↓↓↓

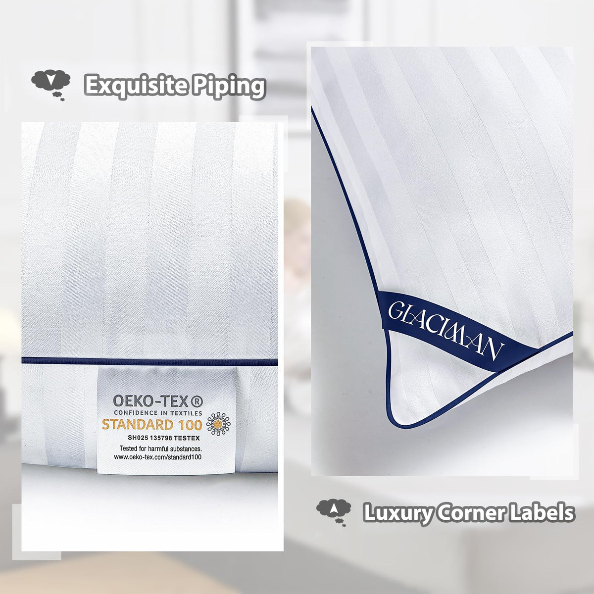 Q: Are the Glaciman pillows safe for allergy sufferers?A: Yes, the Glaciman Hotel Bed Pillows are OEKO-TEX STANDARD 100 certified, ensuring they are safe, environmentally friendly, and free from irritating odors, making them an excellent choice for allergy sufferers.
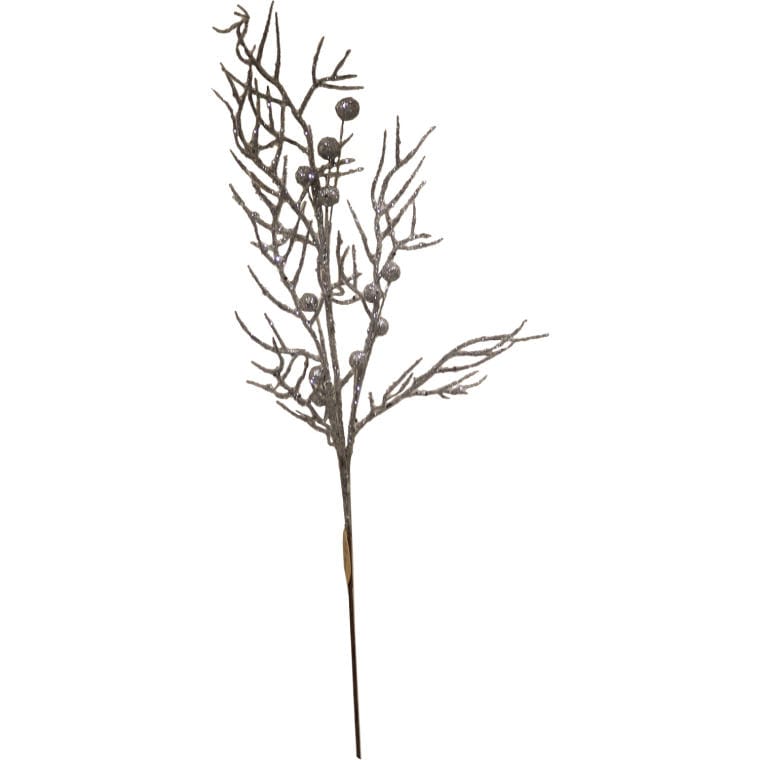 Gałązka brokatowa z kulkami, srebrna, EY-17A-3444
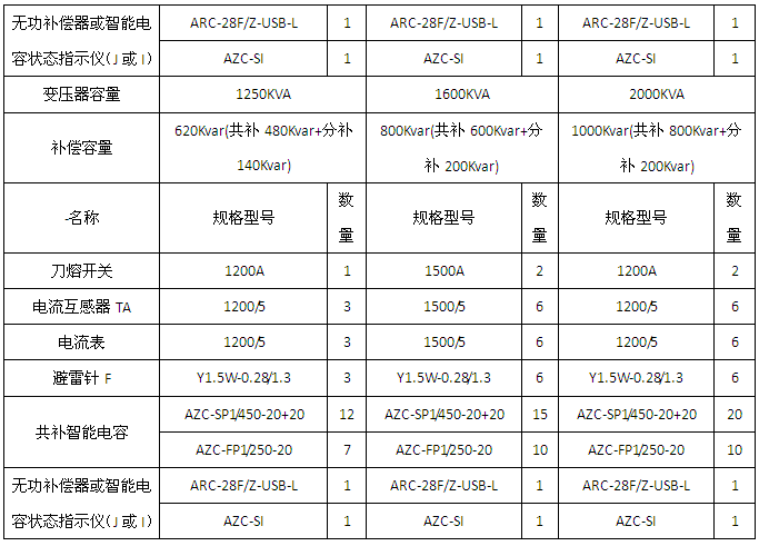 1、變壓器容量為400/800/1000/1250/1600/2000KVA的三相補(bǔ)償應(yīng)用方案。

↑↑↑

What to do → Every line above is to be written out unchanged, with the pictures omitted.

Reply to the exercise →
 Q: Are the Glaciman pillows safe for allergy sufferers?A: Yes, the Glaciman Hotel Bed Pillows are OEKO-TEX STANDARD 100 certified, ensuring they are safe, environmentally friendly, and free from irritating odors, making them an excellent choice for allergy sufferers.
 Gałązka brokatowa z kulkami, srebrna, EY-17A-3444
 1、變壓器容量為400/800/1000/1250/1600/2000KVA的三相補(bǔ)償應(yīng)用方案。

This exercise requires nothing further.